Knowledge organization is a complex area and involves not only the representation of our world of knowledge but also that of an information resource's content. Both types of representations have been faced with issues of biases, misrepresentations, and ethical concerns. Different cases of biases and ethical concerns are covered with examples.


The majority of literature on biases is in relation to the terminologies and categorizations in knowledge organization systems (KOS), especially subject headings lists and classification schemas.

Can there be neurtality?

Metadata creation, cataloging, and classification practices have been traditionally guided by and adhere to standardized rules, standards, best practices, vocabularies, and classification schemas. Often, this has given the false appearance of scientific and technical objectivity and the neutrality of libraries, their processes, and services.

Critical cataloging

Critical Cataloging is a subset of Critical Librarianship and focuses on mitigating the ways in which knowledge organization, including cataloging and classification, codifies systems and hierarchies of oppression. There are many efforts to make changes, to advocate for inclusive and reparative practice, and for more critical cataloging moving forward. These efforts include training and conference sessions on diversity, equity, and inclusion, reparative practices for different areas, changes needed in the presentation of marginalized areas and offensive terminologies, and cases of change. Alternative KOS are developed and used instead of or in addition to traditional library KOS.  Changes are also seen in the editorial processes for the revision of KOSs.

Codes of ethics

In addition to more general LIS codes of ethics and competencies that address matters of diversity, equity, and inclusion in the field, several efforts focus on cataloging ethics.
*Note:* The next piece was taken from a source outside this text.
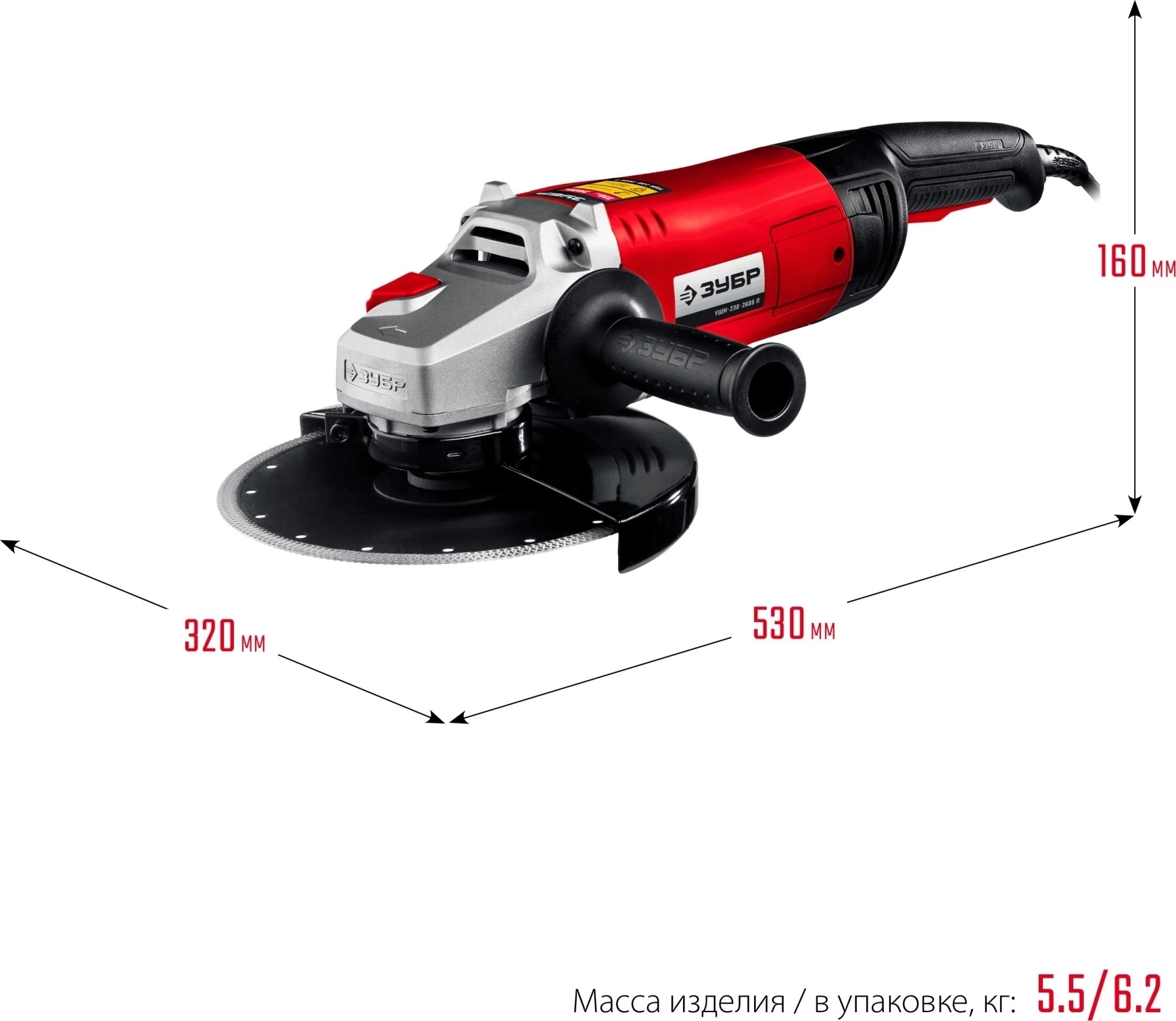 УШМ ЗУБР 2400 Вт, d230 мм

Among them is the Cataloguing Code of Ethics, released in January 2021.

Chapter References/Notes

  1. A select list of Sanford Berman’s works:

    1. Berman, S. (2014). Prejudices and antipathies: A tract on the LC subject heads concerning people. Jefferson, NC: McFarland and Co.

    2. Berman, S. (1984). Where have all the Moonies gone? In Gordon Stevenson and Sally Stevenson (Eds.), Reference services and technical services: Interactions in library practice (pp. 133–143). New York, NY: Haworth Press.

    3. Berman’s papers are available at the ALA Archives: “Sanford Berman Papers, 1933, 1942-1943, 1950-1953, 1959-2013”. ALA Archives.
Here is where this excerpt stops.